Ukombozi & Other Poems

Zafrina Nyawira Muthoni Njenga

The Silencing

There is a child screaming in an apartment not far from mine
but all children scream, I am 22, I have learned this, I am silent.
There is a woman screaming in the road, the road just before the estate I live in, the road with the streetlights intentionally shattered –
but all women scream, I am 15, I have learned this, I am silent.
There is a student screaming in a classroom not far from mine –
but all students scream, I am 13, I have learned this, I am silent.
There is a crowd screaming at my grandfathers funeral –
but all crowds scream, I am 12, I have learned this, I am silent.
There is an urge to scream when the much older boy touches me in a region of my thighs still unfamiliar to me,
but children aren’t meant to scream for no reason, and we aren’t to tell lies about grownups –
even when they aren’t lies.
I am learning this. It is my eighth birthday, I am silent.

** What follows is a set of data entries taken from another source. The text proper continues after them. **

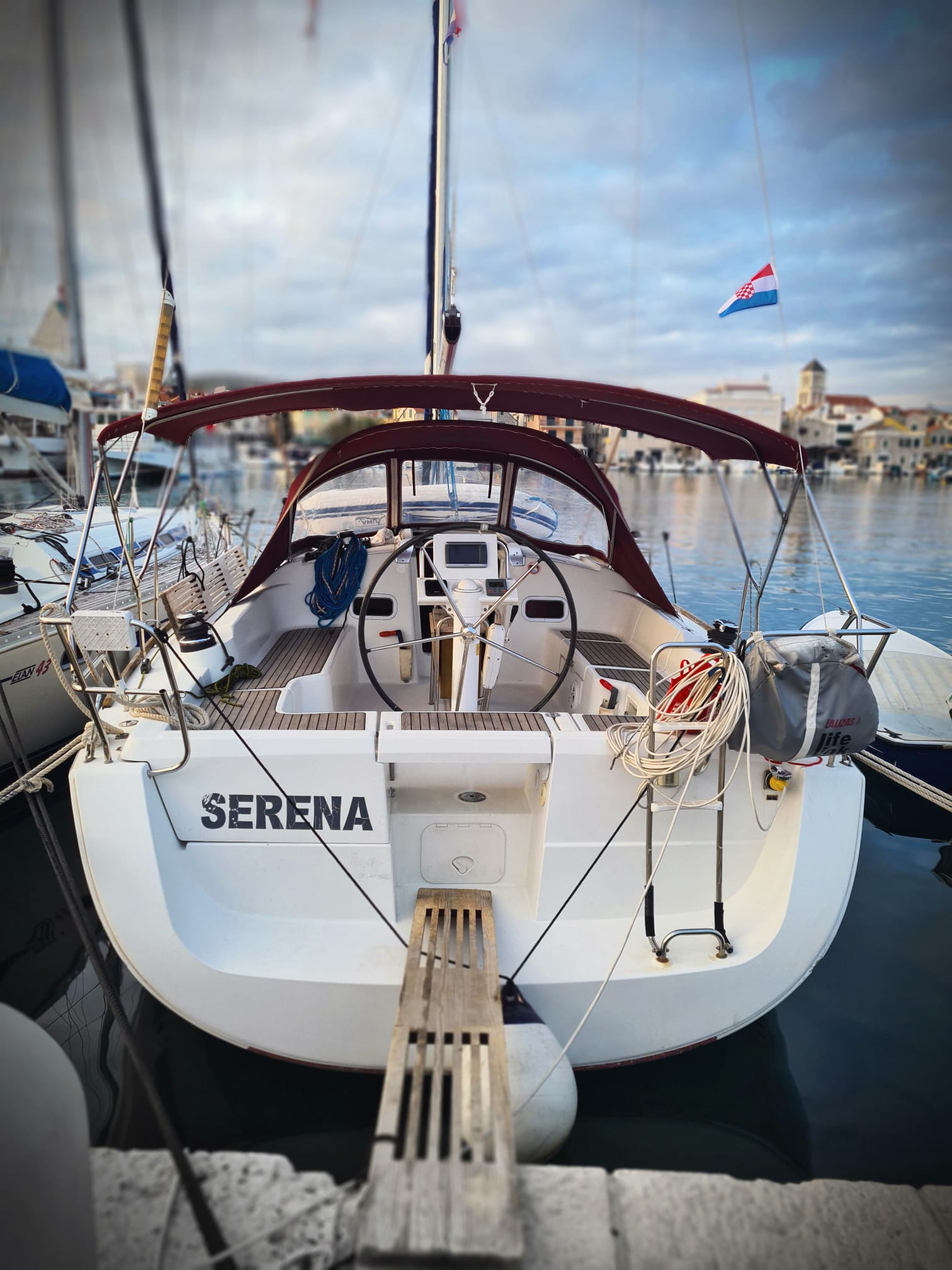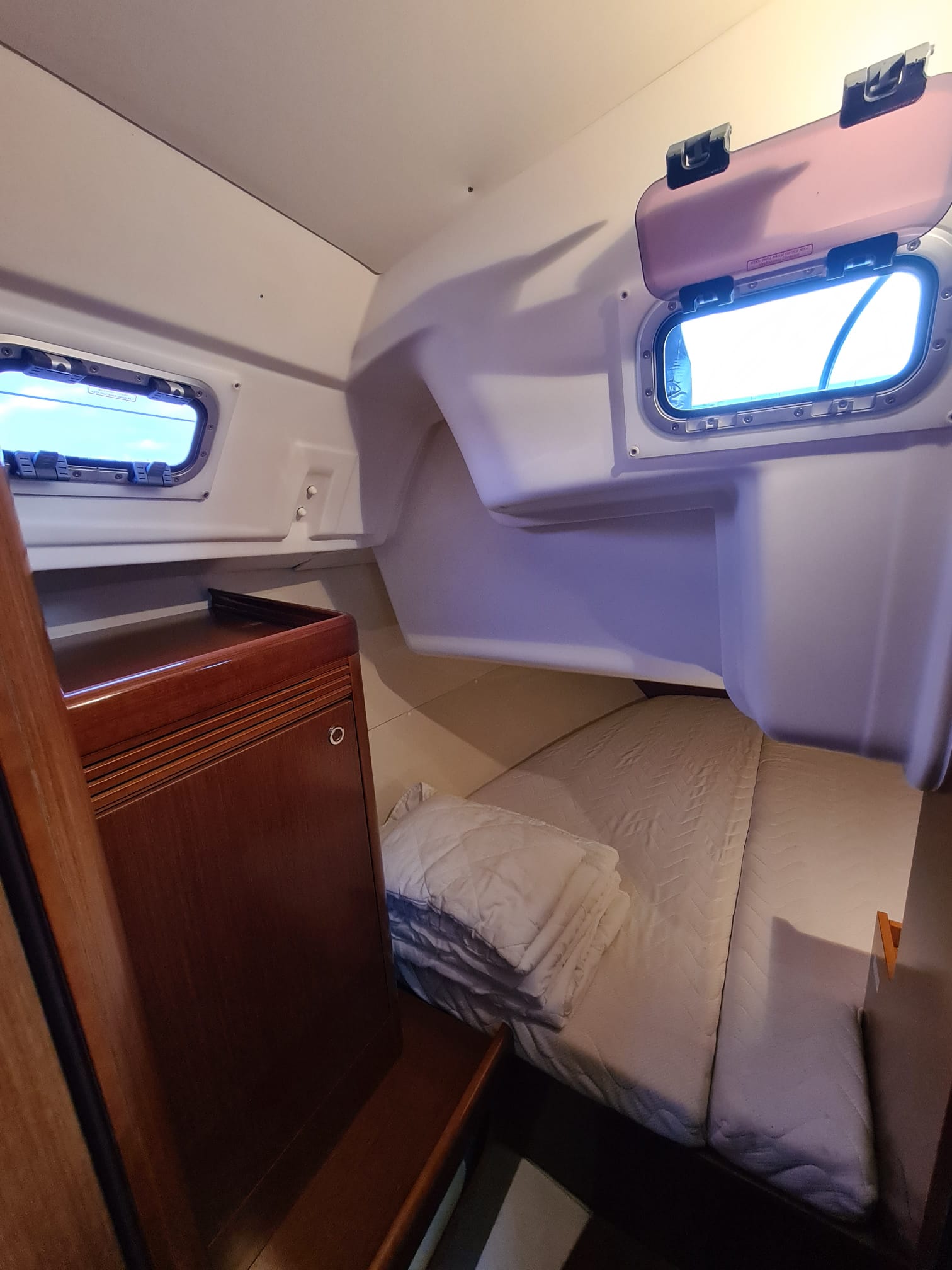 | Safety | Autopilot, Blitzboje, Bootsmannstuhl, Bordapotheke, Bordwerkzeug, Bugstrahlruder, elektr. Bilgepumpe, Feststoffschwimmwesten, Feuerlöscher, Lifebelts, Nebelhorn, Notpinne, Notsignale, Radarreflektor, Taschenlampe, UKW-Funk, Zweitanker |
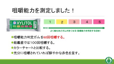今回は、学が丘保育園地域活動の一環としての健口教室開催に先駆けて、保育士さん自身のお口の健康に目を向けていただく講話会から始めました。お口の複雑な動きを体感するために咀嚼能力を判定できる色が変わるガムを噛んでみました。普段とは異なる食べ方、開口や片側噛みでは上手く噛めないことも体験してもらいました。保育士さん自身のお口の健康に目を向けることで、子どもの口腔機能発達不全症について理解が深まり、さらに詳しく学修したいとのお声が多く寄せられました。今後も専門職が互いに学び会う環境を大切にしていきたいと思います。 学が丘保育園保育士の皆様にはご理解とご協力を賜りまして心より感謝申し上げます。
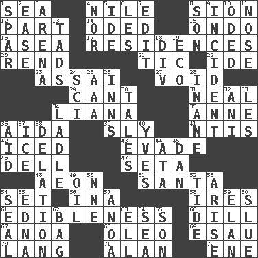 ACROSS 1. Ocean 4. Mediterranean tributary 8. The Jewish people; Israel 12. Piece 14. Wrote a lyric poem 15. Southwest Nigerian state 16. Toward the sea 17. Homes 20. Tear apart 21. Nervous spasm 22. Binary compound 23. Slender Brazilian palm 27. State of nonexistence 29. Patter 31. Actress Patricia 34. Woody, climbing, usually tropical plant 35. Singer Murray 36. Opera by Verdi 39. Playfully artful 41. Nuclear Threat Initiatives 42. On the rocks 43. Elude 46. Small valley 47. Bristle 48. A really long time 51. Before Barbara or Clara 54. Arrange properly for use 56. _ tizzy (2 wds.) 58. Angers 61. The property of being fit to eat 66. Deli pickle 67. Small Philippine buffalo 68. Margarine 69. Son of Isaac 70. Austrian-born American filmmaker Fritz 71. Actor Alda or Thicke 72. Compass dir. DOWN 1. Coast Guard woman 2. Comfort 3. Sports stadium 4. Not either 5. Binary compound 6. French article 7. Prepare for publication 8. Manchild 9. Happening 10. Wrote a lyric poem 11. Characteristic smell of wine 13. Bits 18. HTML Container Element 19. Environmental prefix 24. _-fi 25. Auto club (abbr.) 26. Restaurants 28. Empty; void 30. Lies 32. Black tropical American cuckoo 33. French article 34. Dipping utensil 36. Assist 37. Frozen water 38. Accusation by an informer 40. Jacques Cousteau's middle name 44. "One Day ___ Time" 45. Daniel's nick name 49. Petroleum 50. Compass dir. 52. Event that recurs at intervals 53. Ascend 54. Lick closed 55. Pulitzer Prize-winning author Ferber 57. Small Philippine buffalo 59. Style 60. Change direction abruptly 62. Paper or plastic container 63. Pipe bend 64. Ocean 65. Male child
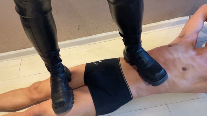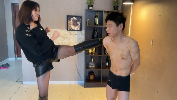 身高187的巨人女S VS 身高169 瘦鸡男M 反差感极强的一部作品,女主对男M进行暴力踢击和踩踏,身高体重的优势让女主每一脚对于男M来说都是重击,最后男M伤痕累累被驯服,跪在女主前舔舐着女主的黑色皮靴。
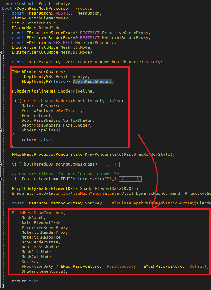 - 여러 종류의 FMeshPassProcessor 중 FDepthPassMeshProcessor를 타겟으로 잡고 진행해봅시다.
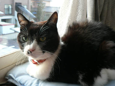 今日の暖かい日差しを浴びるために、出窓に乗ってました。
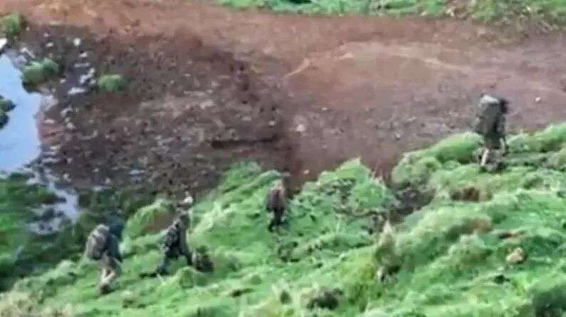四个人接着迅速消失在丛林当中,后来经视频辨认,四人被确定为Phillips和三个娃。
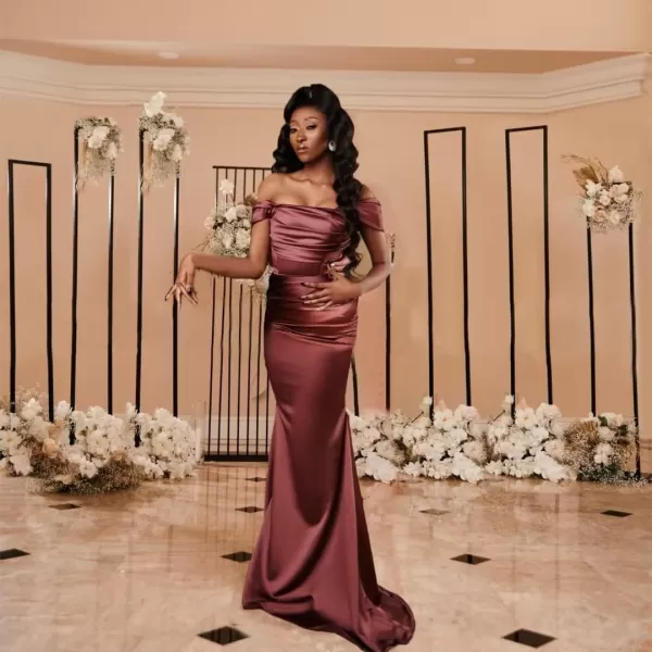 Be the first to review “Off Shoulder Bridesmaid Dresses Ruhced Mermaid Formal Gown for Wedding Bodycon Satin Prom Dress(Wine Red)”
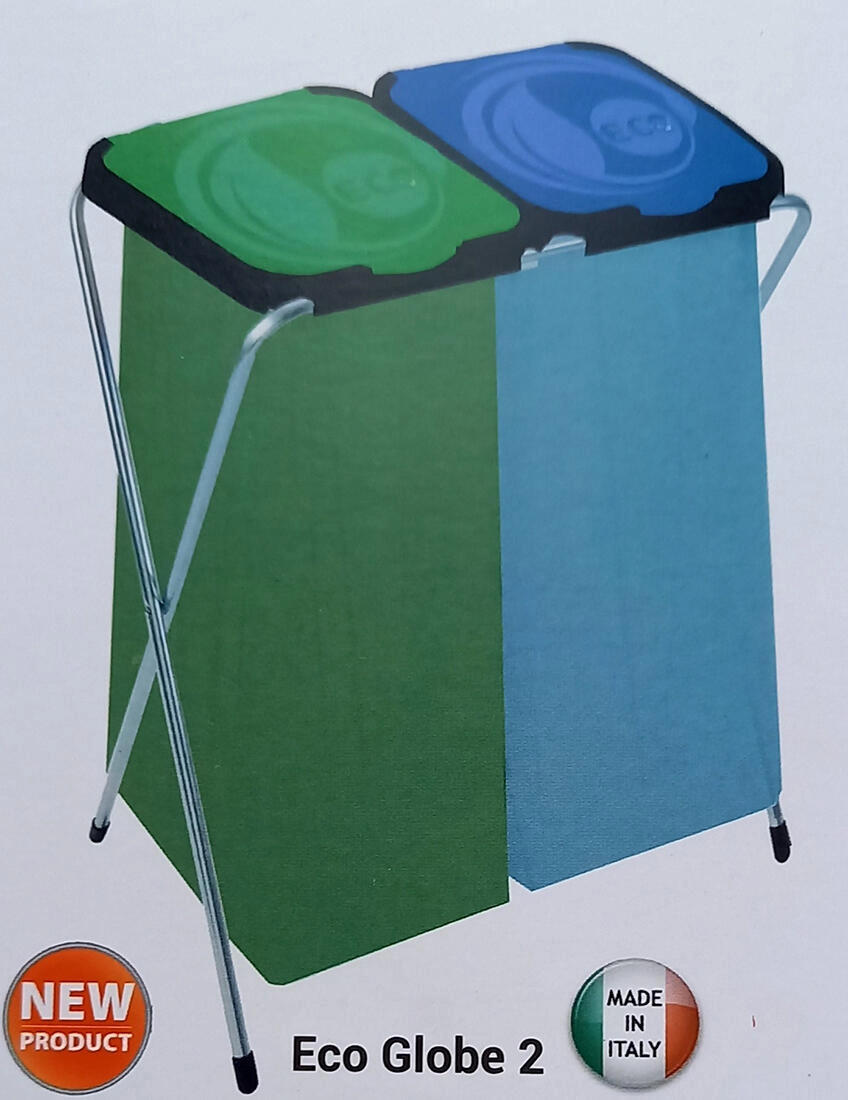 Az ECO-GLOBE 2 szelektív hulladékgyűjtő állvány ideális megoldás a hulladék rendszeres válogatására. A dupla elrendezés lehetővé teszi például a műanyag és a papír szétválasztását, illetve a vegyes hulladék elkülönítését az újrahasznosítható anyagoktól. Átgondolt 66 × 42 × 81 cm méreteinek köszönhetően konyhákba, háztartási helyiségekbe és irodai sarkokba is könnyen beilleszthető.
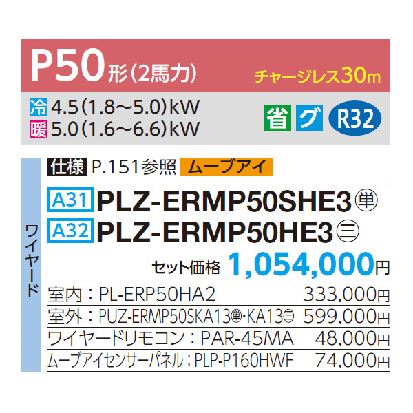 カテゴリ 業務用エアコン 型番 PLZ-ERMP50SHE3 / PLZ-ERMP50HE3 定価 1,159,400円 販売価格 税込 245,000円 詳細 ■メーカー:三菱電機 ■モデル名:2023年モデル ■タイプ名:パッケージエアコン / 天井埋込形4方向 / i-スクエア / スリムER / シングル(室内機1台×室外機1台) ■能力:2馬力(P50形) /【平米数】29~43㎡ /【坪数】8~13坪 /【畳数】16~26畳 ■電源:単相200V / 三相200V ■室内機:PL-ERP50HA2 ■室外機:PUZ-ERMP50SKA13 / PUZ-ERMP50KA13 ●室内機サイズ:高さ258mm×幅840mm×奥行840mm ●室外機サイズ:高630mm×幅809(+62)mm×奥行300(+23)mm ■通年エネルギー消費効率:6.3 ■その他機能等 ・ワイヤード ・人感ムーブアイ ・冷暖自動運転 ・先読み運転 ・ドライ運転 ・ドラフトセーブ ・ウェーブ気流 ・風向独立制御 ・ホットスタート ※記載された情報は商品仕様の一部ですので、詳細はメーカーサイトにてご確認ください。 ※標準取付工事のほか、家電量販店では対応困難な『隠ぺい配管工事』も承ります。
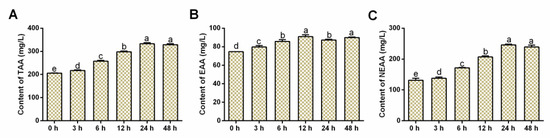 | Tyrosine | 5.19 ± 0.45 c | 5.02 ± 0.53 c | 5.67 ± 0.44 c | 7.21 ± 1.20 b | 5.28 ± 0.20 c | 11.18 ± 0.48 a |
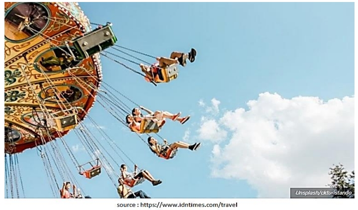 Korsel gantung dikatakan melakukan gerak rotasi karena lintasannya berbentuk lingkaran dan ada sumbu sebagai pusatnya. Nah sobat pintar, wahana korsel gantung tersebut menerapkan konsep kesetimbangan loh!
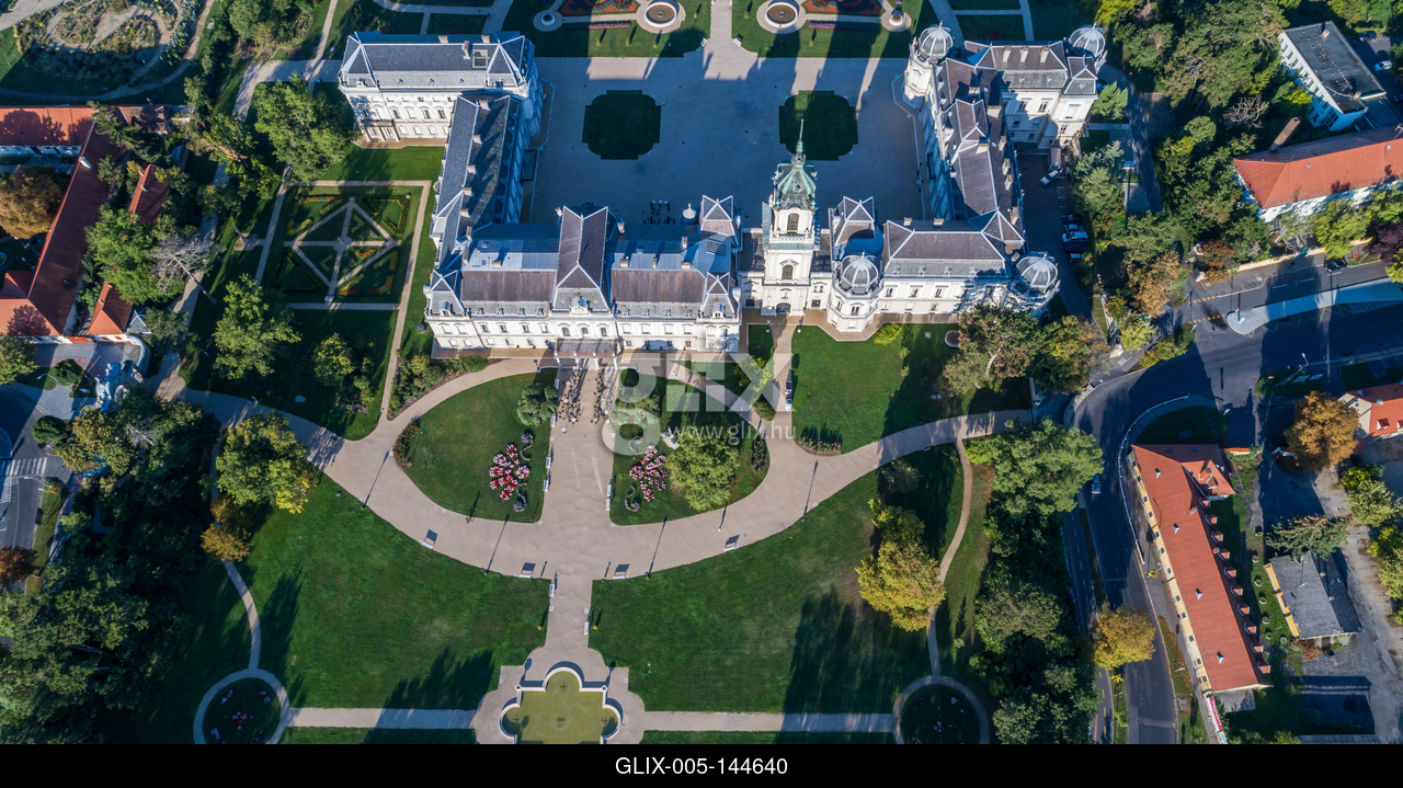 Aerial photo of Festetics Castle in Keszthely, Hungary.A kastély és környéke madártávlatból. A Festetics-kastély Keszthely kiemelkedő jelentőségű műemléke. Építése még a 18. század közepén kezdődött el, ám csak az 1880-as években, nagyszabású átépítés és bővítés után nyerte el végleges formáját.
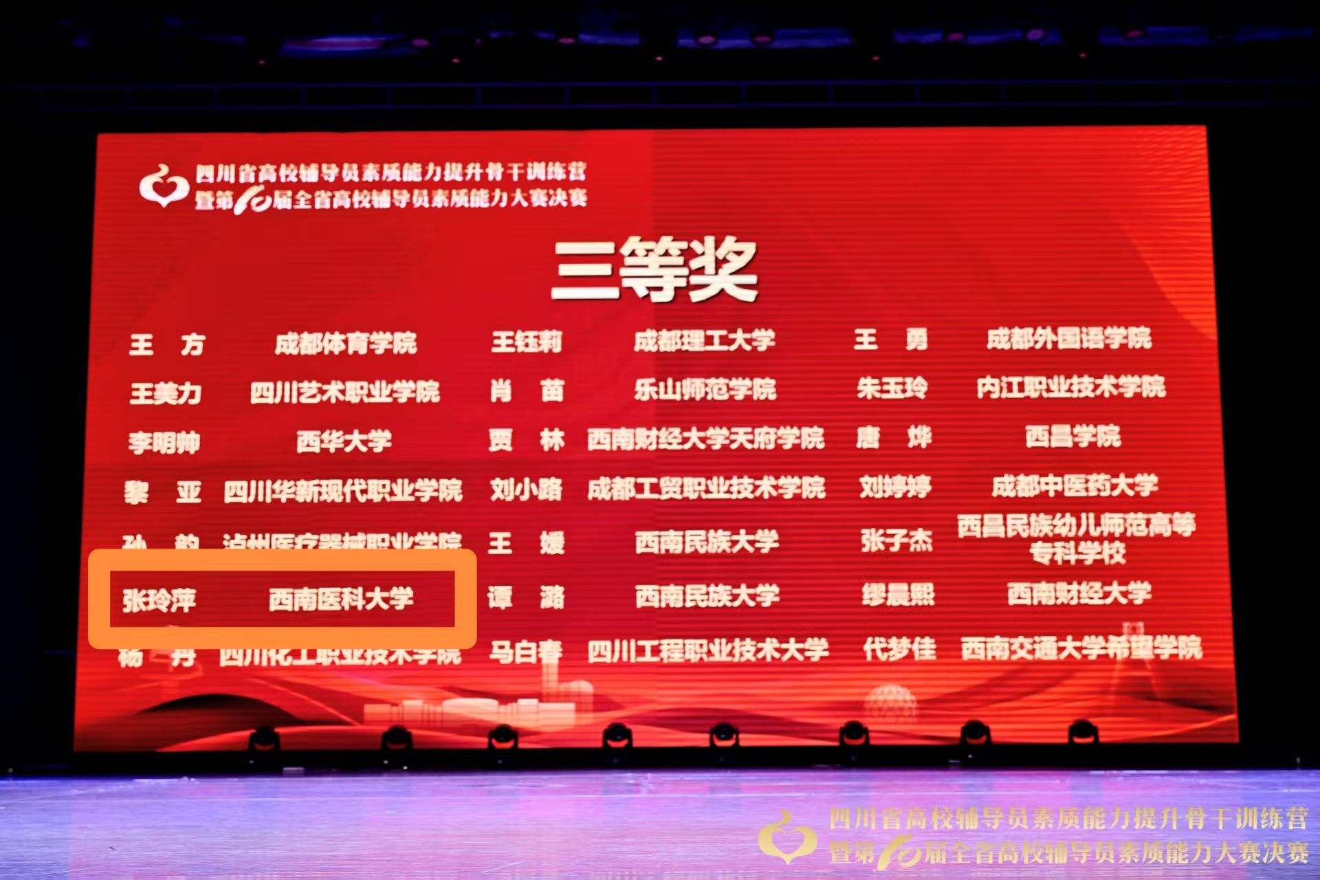 1114日至16日,由中共四川省委教育工委、四川省教育厅主办的四川省高校辅导员素质能力提升骨干训练营暨第十届全省高校辅导员素质能力大赛决赛在西华大学举行。来自全省125所高校的166名优秀辅导员开展激烈角逐,我校儿科学系张玲萍荣获大赛三等奖,基础医学院杨笛荣获大赛优秀奖。
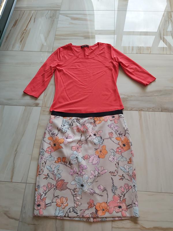 Marc Cain – известный немецкий бренд, премиум сегмента. Созданный он для уверенных, интересных и открытых женщин, которые живут тут и сейчас, выражая себя через то, что они носят. Вещь из каждой коллекции гармонично сочетает в себе эстетику, искусство, непринужденность, отменное качество и высокий комфорт в носке. Шикарная трикотажная юбка карандаш,со шлицой серая в цветы. на подкладе. состояние новой без бирок. Пот-42(тянется) Поб-52(тянется) Длина-54 юбка 500грн Блуза лонгслив коррал Поп-39 Пог-46(тянется) Пот-42 Длина-58 Длина рукава-42 от плеча(три четверти) блуза 350 Состояние юбки блузы новое, без бирок.
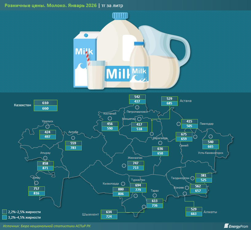 Розничные цены на молоко в январе 2026 года существенно различались в региональном разрезе. Средняя стоимость по Казахстану составила 610 тг за литр для молока 2,2%–2,5% жирности и 660 тг для молока 3,2%–4,5% жирности, передает inbusiness.kz со ссылкой на Еnergyprom.kz.

There are other screams, born of the same evil.
These screams come in threes:
the scream of metal, the scream of agony and the scream of silence, in that order.
I am 10 years old, I lift my head out of the book in which I am immersed, out of a world in which there is no screaming:
I turn to my mother,
she’s muted the television.
“What was that Ma?”
Another scream.
Ma shuts her eyes tight.
“Nothing my dear,” she smiles, and unmutes the television,
and so I learn, like the times before, and the times to follow, that it is nothing, and that I can be silent,
Until I learn that it is not and that I cannot.
For I have known the silencing, and I know it does not mean the absence of noise.

Ukombozi

Do you remember the first time he raised his voice at you?
Did you feel a tremor in the walls? In the ground beneath you?
Did the foundation of your being crumble ever so slightly?
What about the third time? When he backed you into a corner
did your mother, going about her business,
feel a pang in her heart?
Her little girl who she had loved so gently
 – sand castle built so delicate,
toppled by a wave.
Did she sense it? Did she know? Did you?
How about the fifth time?
You know the one.
It was the first night you hit the floor,
you wondered if it was always that cold.
Do you remember, you heard sirens blaring in the distance?
Ukombozi:
the realisation
that they were not in fact,
coming to save you.

Before you

I was eight years old when you found me,
did you think I would forget?
Minding my own business at my birthday party.
You took me by the hand, smiled, told me to take you to my room,
to show you my toys.
I wish I knew the kind you were talking about.
I have a photograph of a little me standing in front of my birthday cake from that day, smiling.
Oh! The way I smiled –
minutes?
hours?
Before you.

The Trauma of Christ

I picture him vividly when I leaf through the pages depicting his torture.
I picture the aftermath: the shaking episodes, the panic attacks, shortness of breath, inability to eat or sleep or be –
symptoms like mine –
I, made in his image.
I think to myself, I ask,
What of the trauma of Christ?
Was it accounted for in the grand scheme of things?
Part of the sacrifice?
Did he know not only what was to come, but what was to follow?
I sob for Him, deep heaving, head bowed, hands shaking.
I say a silent prayer for His healing.

Zafrina Nyawira Muthoni Njenga is a poet and writer from Nairobi, Kenya. She is a psychology major and this is her first official publication.